Discard graphics resources on memory-pressure only

Categories

(Core :: Graphics: Layers, defect)

defect

Tracking

()

tracking-b2g backlog

People

(Reporter: vingtetun, Unassigned)

References

Details

Attachments

(3 files)

The current codebase optimize memory on the device by clearing cached layers and decoded data of images when an application is going offscreen (when the user hit the home button, or when a new app covers it).

This is nice, and especially on low end device with a very small amount of memory, but for many parts it degrades the UX, and more especially on device with a bit more RAM where it's cool to use it.

For example the layer discarding strategy and decoded image data discarding strategy, actually removes everything when the app receive a setVisible(false).

As a result it forces us to do a few hacks in Gaia in order to try to make a better UX. When an attention screen is opened, we wait five seconds in order to change the visibility of the underlying window (which also change its priority!), or when the home button is clicked, we asked for a screenshot of the homescreen in order to revive it's rendering before switching to it (screenshots are slow and usually takes hundreds of ms and bust the ipc bus).

It would be much better / easier if the resources of an app can be discarded only when it really needs to be discarded.
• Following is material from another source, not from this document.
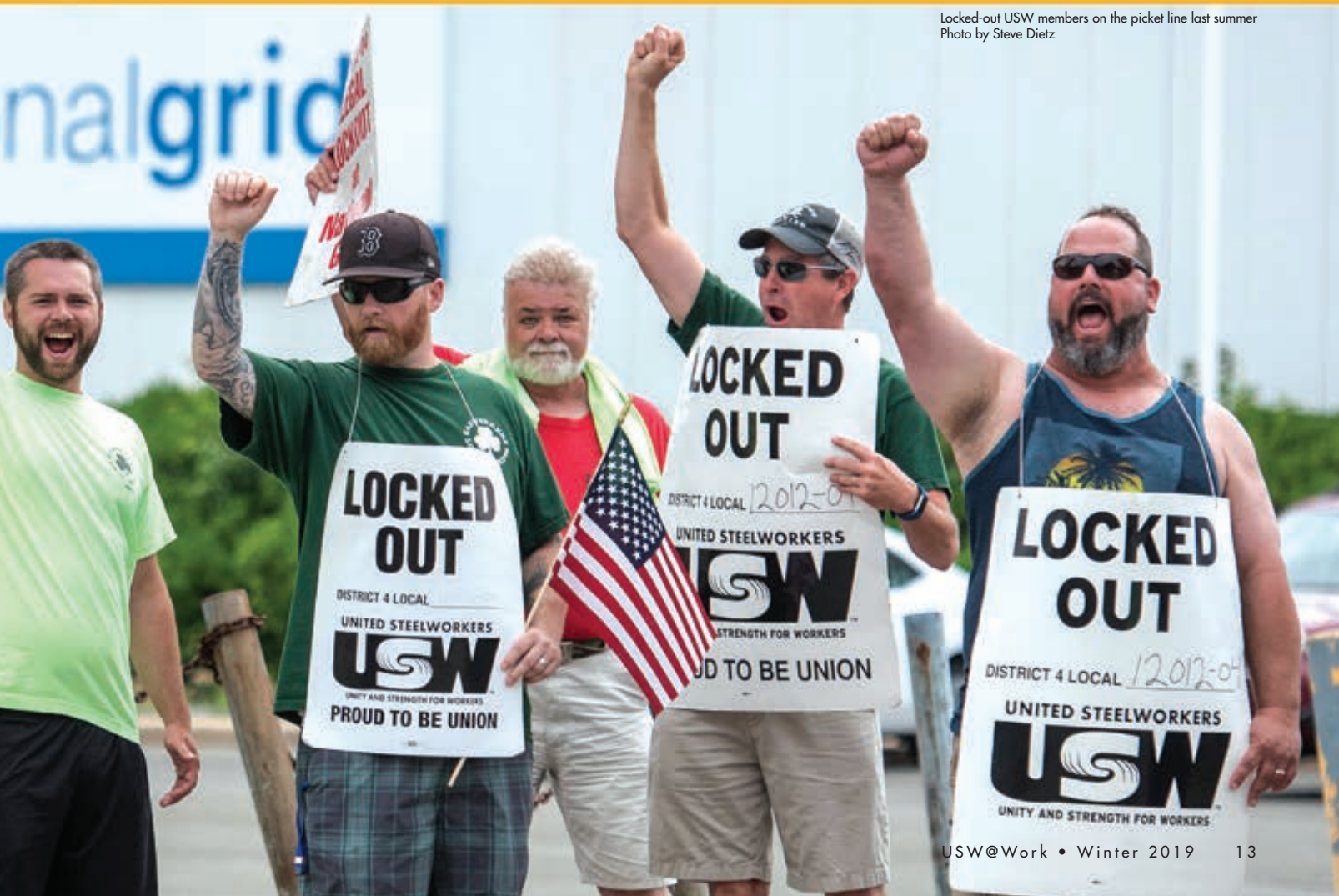
Locked-out USW members on the picket line last summer

Asking feedback? to Fabrice, not really for the code but really for the approach as I'm curious to see if it will scale from Tarako to high-end devices.
This is also really not clear to me why we send a low-memory memory-pressure when the app is minimized instead of a heap-minimize ?
Attachment #8413696 - Flags: feedback?(fabrice)
(In reply to Vivien Nicolas (:vingtetun) (:21) (NOT reading bugmails, needinfo? please) from comment #2)
> This is also really not clear to me why we send a low-memory memory-pressure
> when the app is minimized instead of a heap-minimize ?
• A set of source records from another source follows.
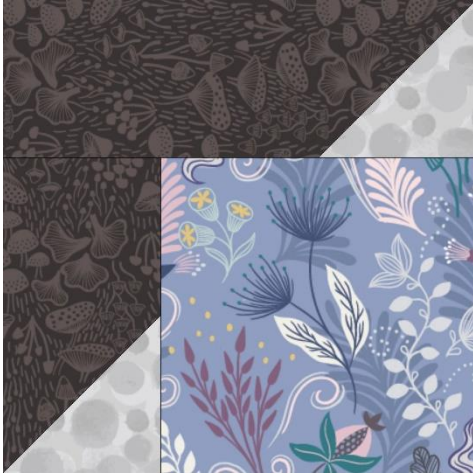
Top left corner of block

Both blocks are made up in the same way. Lay out the fabric pieces for block 1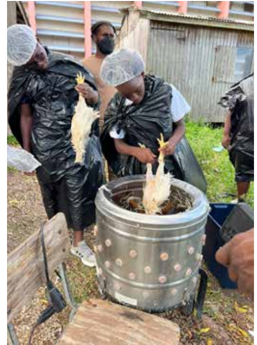
Jennings Secondary Students processing broiler chicken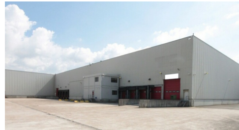
► DUFFEL ► 4.078 sq m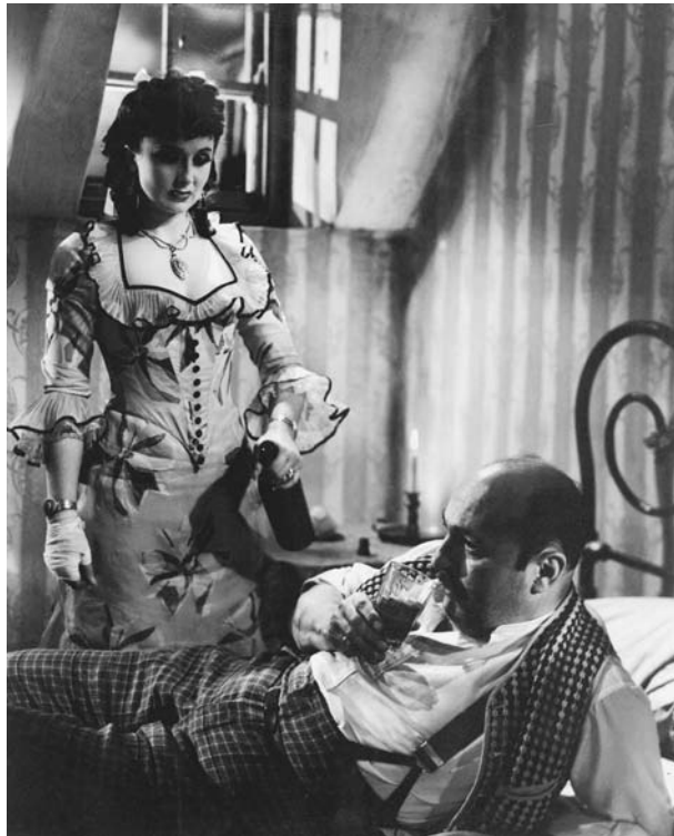
Pink String and Sealing Wax (1946, British). Directed by Robert Hamer. Shown from left: Googie Withers (as Pearl Bond), Garry Marsh (as Joe Bond).

Patriarchal punishment of the fallen woman is a central motif in the film. Sutton's stern discipline of his family prohibits son David's courtship of a young woman and daughter Victoria's desire to train as an opera singer. Both desires, Edward Sutton tells his children, are immoral. He explains to his long-suffering wife, Ellen, his philosophical rationale for controlling the family in such a manner: "Love and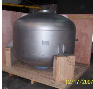
Propane Tank on Arrival LOX Tank on Arrival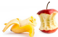
Fruits and vegetables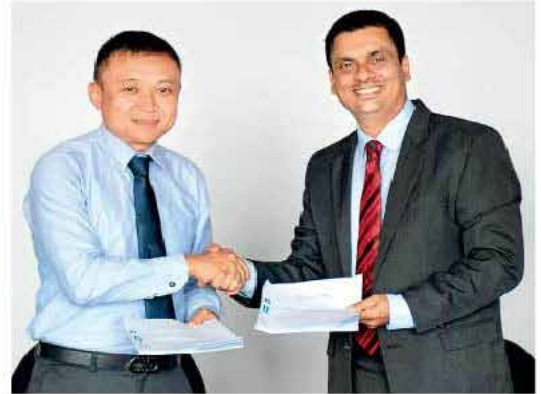
At the signing ceremony of the TSA

THE Hambantota International Port Group (HIPG) recently entered into a Terminal Service Agreement (TSA) with Japanese Shipping Conglomerate NYK, the first RoRo specific TSA entered into by the shipping line with a Sri Lankan Port. Nippon Yusen Kaisha (NYK), whose 130-year history runs parallel to that of its maritime nation, is Japan's largest shipping company and world's no. 1 RoRo fleet operator.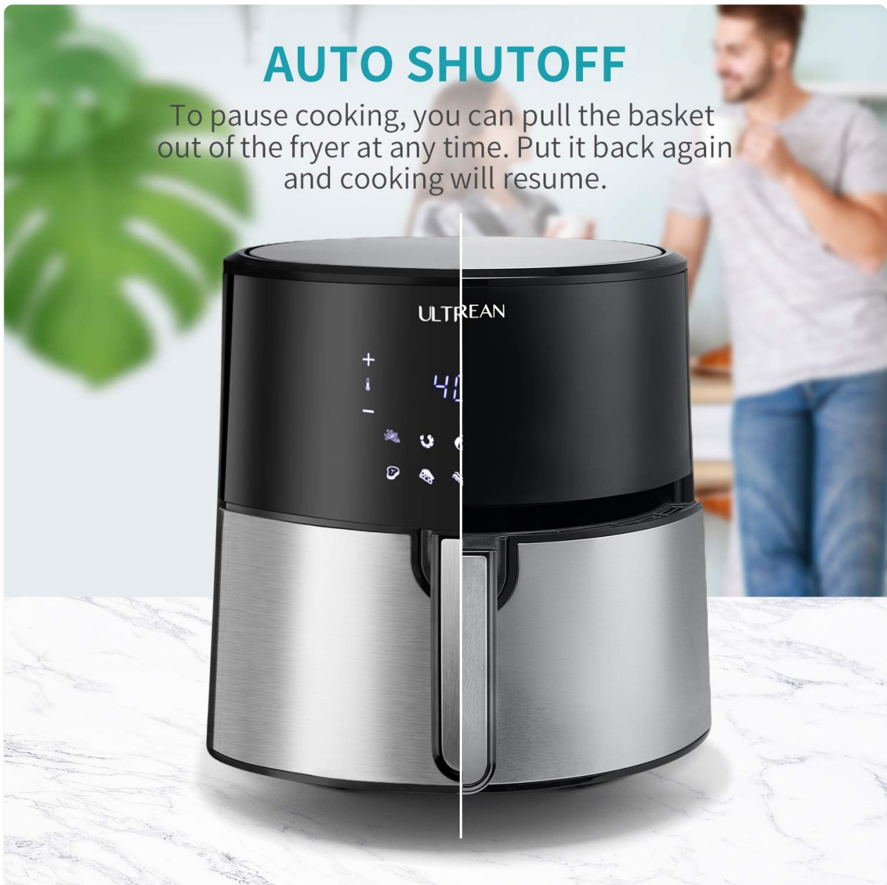
Image: A visual representation of the air fryer's auto shut-off feature, showing cooking pausing when the basket is removed and resuming when reinserted.

Image: The Ultrean Air Fryer's digital display showing icons for its 8 cooking presets: French Fries, Shrimp, Roast, Chicken, Fish, Steak, Cheese Melts, and Bacon.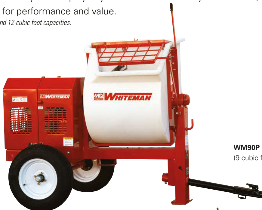
WM90P (9 cubic ft., Poly drum)

Models available in 7-, 9-, and 12-cubic foot capacities.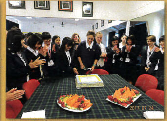
at Earnshaw State College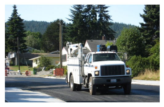
Officially Completed July 9, 2009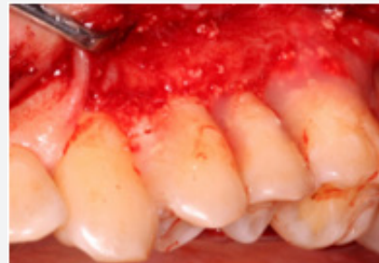
Figure 7: Application of the EMD and bone ceramic into the bone defects.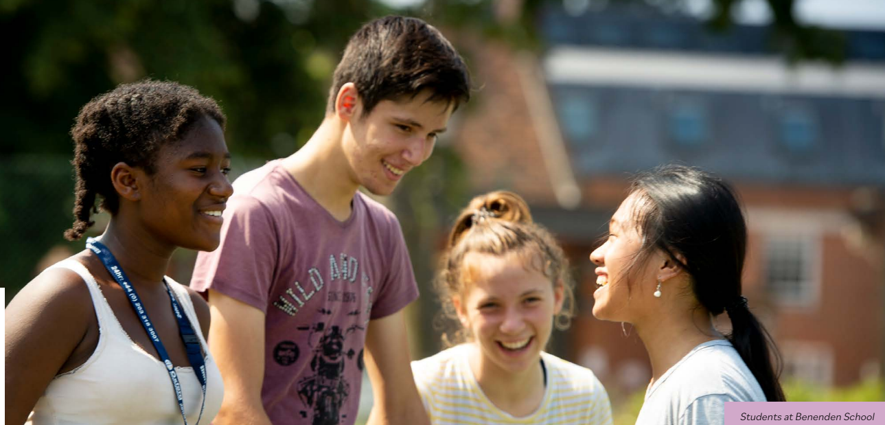
Students at Benenden School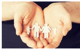
SPEAKING UP FOR TAMAR: PROTECTING & HEALING THE WOUNDED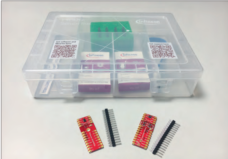
Figure 4. Based on an Arduino shield, a monitoring/sensor box supplies the data needed for predictive maintenance.

On the basis of the 3D resolution and using special algorithms, it is possible to anticipate the directions of movement, for example. The prototype of a robot, which recognises its surroundings with ToF 3D cameras, and which in future will be able to anticipate directions of movement, has already been successfully tested at the Infineon production facility in Dresden. A redundant, sensor fusion-based extension to 24 or 60 GHz radar systems is in preparation.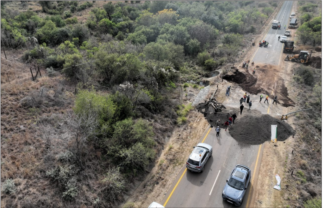
MEC Elizabeth Sempe Mokuwa accompanied by Head of Department, Moses Kgantsi leads a delegation on an oversight visit to assess progress following the collapse of the bridge due to inclement weather on the P53/1 Road between R510 and R565 towards Mogwase in Moses Kotane Local Municipality, Bojanala District.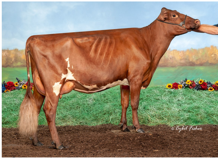
Briar Rose R Alibi Dam of Lot 23 MS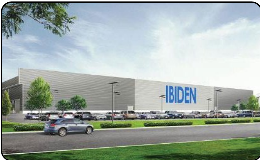
PCB Factory At Batu Kawan, Penang.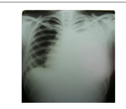
Figure 1: chest X ray PA showing massive pleural effusion-left side

Statistical analysis was done mainly by student t test to compare two variables and Chi square test when comparing many variables. P value was considered significant if it was below 0.05 and highly significant in case <0.001. A significant value of t was seen from table for degree of freedom. In our study, p value < 0.05 was considered as significant with either negative or positive correlation on account of biological variability.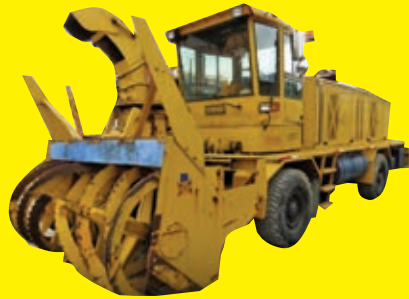
SCHMIDT/ WASHAU SN:611621 powered by Cummins front & rear diesel engine, equipped with all wheel steering, hydraulic truck loading chute.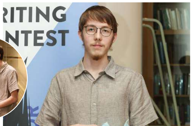
3 rd place

That was a side effect of a change I made; after seeing the results of that I think it's better to go back to heap-minimize instead. A low-memory event is dropping the WebGL context too and that's quite problematic (though it made a few hidden WebGL issues in Gaia apparent). We could even devise a new subclass of the memory-pressure event that drops only what we want it to drop, it's not really complicated as there's just a handful of observers in the gecko codebase.
(In reply to Gabriele Svelto [:gsvelto] from comment #3)
> (In reply to Vivien Nicolas (:vingtetun) (:21) (NOT reading bugmails,
> needinfo? please) from comment #2)
> > This is also really not clear to me why we send a low-memory memory-pressure
> > when the app is minimized instead of a heap-minimize ?
> 
> That was a side effect of a change I made; after seeing the results of that
> I think it's better to go back to heap-minimize instead. A low-memory event
> is dropping the WebGL context too and that's quite problematic (though it
> made a few hidden WebGL issues in Gaia apparent). We could even devise a new
> subclass of the memory-pressure event that drops only what we want it to
> drop, it's not really complicated as there's just a handful of observers in
> the gecko codebase.

More granularity would be helpful for some UX things.

One thing that could have been nice as well is an notification before the phone fire the low-memory message. That would have let us drop some of the resources like layers and image data, before the phone goes onto low-memory.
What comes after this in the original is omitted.